Higher rates, volume send NOL profit soaring

Higher rates, volume send NOL profit soaring

Neptune Orient Lines Ltd. on Thursday a better-than-expected sevenfold increase in first quarter net profit, thanks to higher freight rates and increased cargo volumes.

Net profit for the quarter ended April 2 was $163.2 million, up from $20.3 million in the same period last year.

Revenue during the period rose 16 percent to $1.55 billion from $1.34 billion previously.

Rising freight rates due to China's strong trade and a general shortage of vessels have benefited shipping lines such as NOL, which returned to profitability last year after losses in the previous two years.

NOL posted a record net profit last year of $428.8 million after a net loss of $330 million in 2002.

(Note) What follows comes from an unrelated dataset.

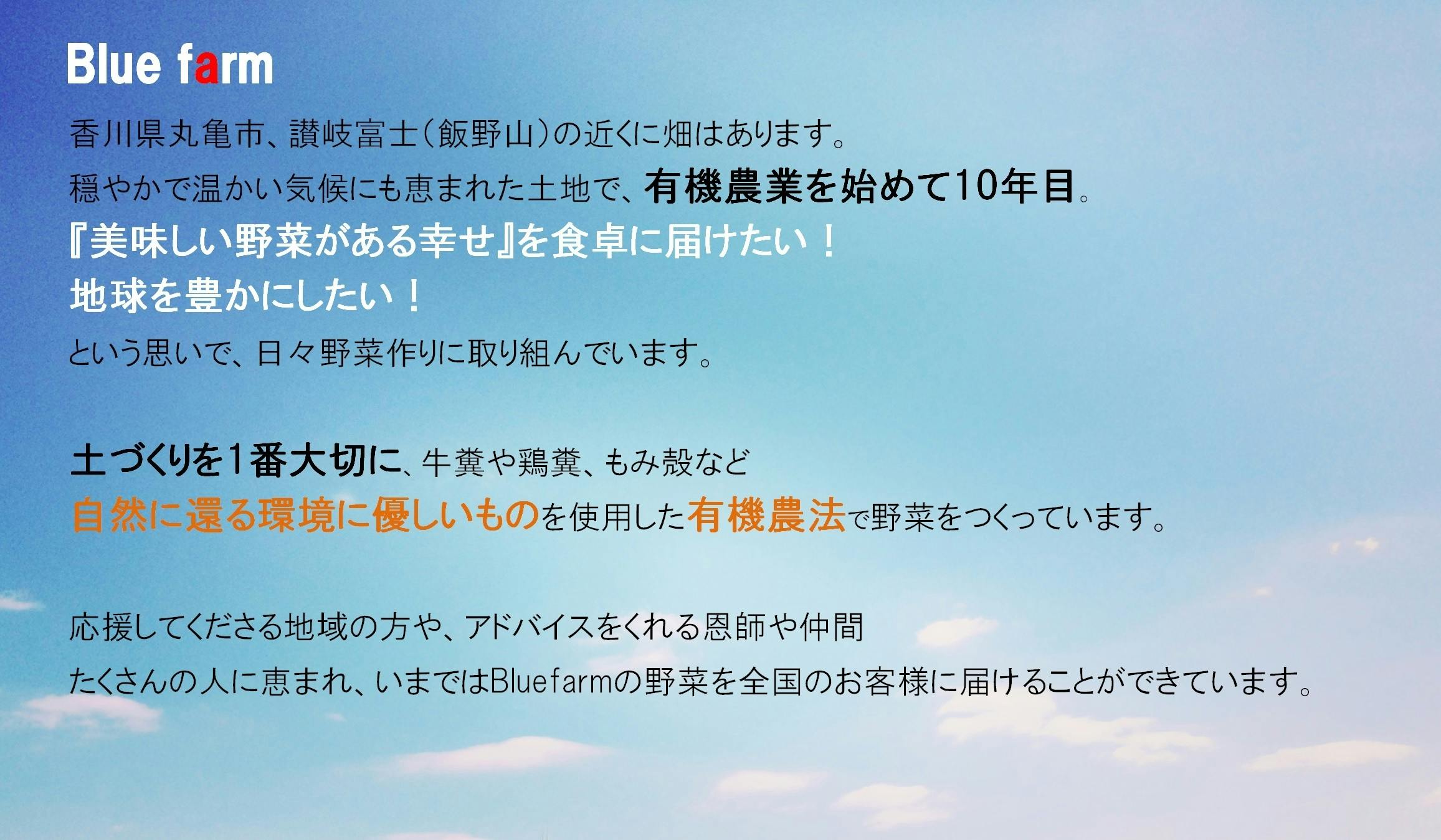 私たちは香川県丸亀市で有機農業を営む、Blue farm(ブルーファーム)と申します。

Looking ahead, NOL Chairman Cheng Wai Keung said the group continues to expect to perform better in 2004, amid a positive business environment, yield management and continued cost-cutting.

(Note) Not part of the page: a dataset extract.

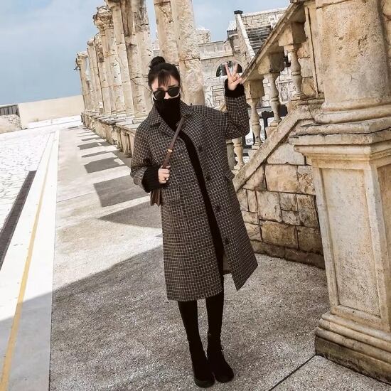 【取寄】 ロングコート ロングジャケット レディース アウター レトロ ウィンドーペーンチェック ステンカラーコート 大きいサイズ 秋冬新作 秋 秋色 秋服 秋sale ゆったり ロングコート ロングジャケット
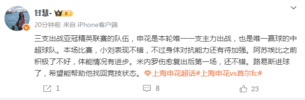 上海记者甘慧则认为,除了获胜之外,申花本场比赛还收获了诸多好消息。她表示:“三支出战亚冠精英联赛的队伍中,申花是本轮唯一一支主力出战且唯一赢球的中超球队。本场比赛,小刘表现不错,但身体对抗能力还有待加强。阿苏埃比之前积极了很多,体能情况也有所进步。米内罗伤愈复出后第一场表现不错。路易斯进球了,希望能帮助他找回竞技状态。”

Longer term, the group aims to maintain the current momentum of double-digit revenue growth, Chief Executive David Lim said, adding that it "is achievable given robust growth trends in global trade, and the rapid development of emerging markets in Asia, Europe and elsewhere."

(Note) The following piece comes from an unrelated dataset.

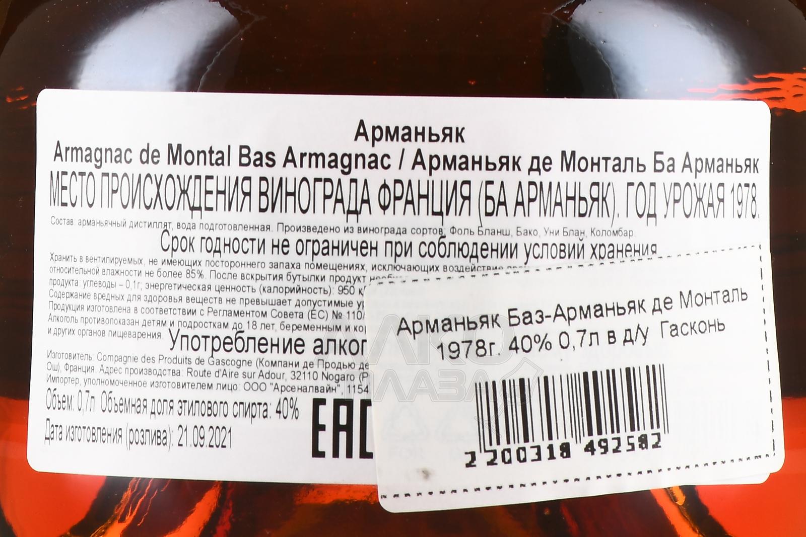 Арманьяк de Montal Bas Armagnac 1978 г. — французский сорокаградусный напиток защищенного географического наименования из провинции Гасконь, созданный в апелласьоне Нижний Арманьяк из разрешенных местных сортов винограда. Ягоды были собраны вручную в один урожайный год на плантациях, сложенных глиной и кремнием. Их подвергли сортировке, ферментации и непрерывной перегонке в трех медных аутентичных колоннах. Вызревание осуществилось в больших барриках из древесины французского белого дуба (вместимость 400 л) и продлилось несколько десятилетий. Арманьяк в стеклянных бутылках комплектуется сувенирными деревянными боксами в классическом стиле.

The group also muted worries over China's attempts to cool down its economy while battling rising inflation, saying NOL's China business was driven by foreign direct investment, which continues to be strong.

Revenue from its liner business, including carrier APL, the second largest container carrier in the U.S. import-export trade lanes, amounted to $1.23 billion from $957 million a year ago, and accounted for 79.3 percent of group revenue.

The company said improved freight rates on its trans-Pacific and Asia-Europe routes, and higher volumes on its Asia-Europe route were the main contributors to the higher revenue.

Average revenue per FEU grew 14 percent to $2,543 during the period, from $2,223 previously, while cargo volumes rose 11 percent to 442,000 FEUs from 397,000 FEUs.

Revenue from NOL's logistics business, which focuses on supply chain management, rose to $288 million from $231 million previously, with strong growth in the Americas especially from warehousing operations and transportation management.

The logistics business accounted for 18.6 percent of total group revenue.

The group said earnings were also helped by an exceptional gain of $8 million from the sale of its tanker business, Neptune Associated Shipping, in March.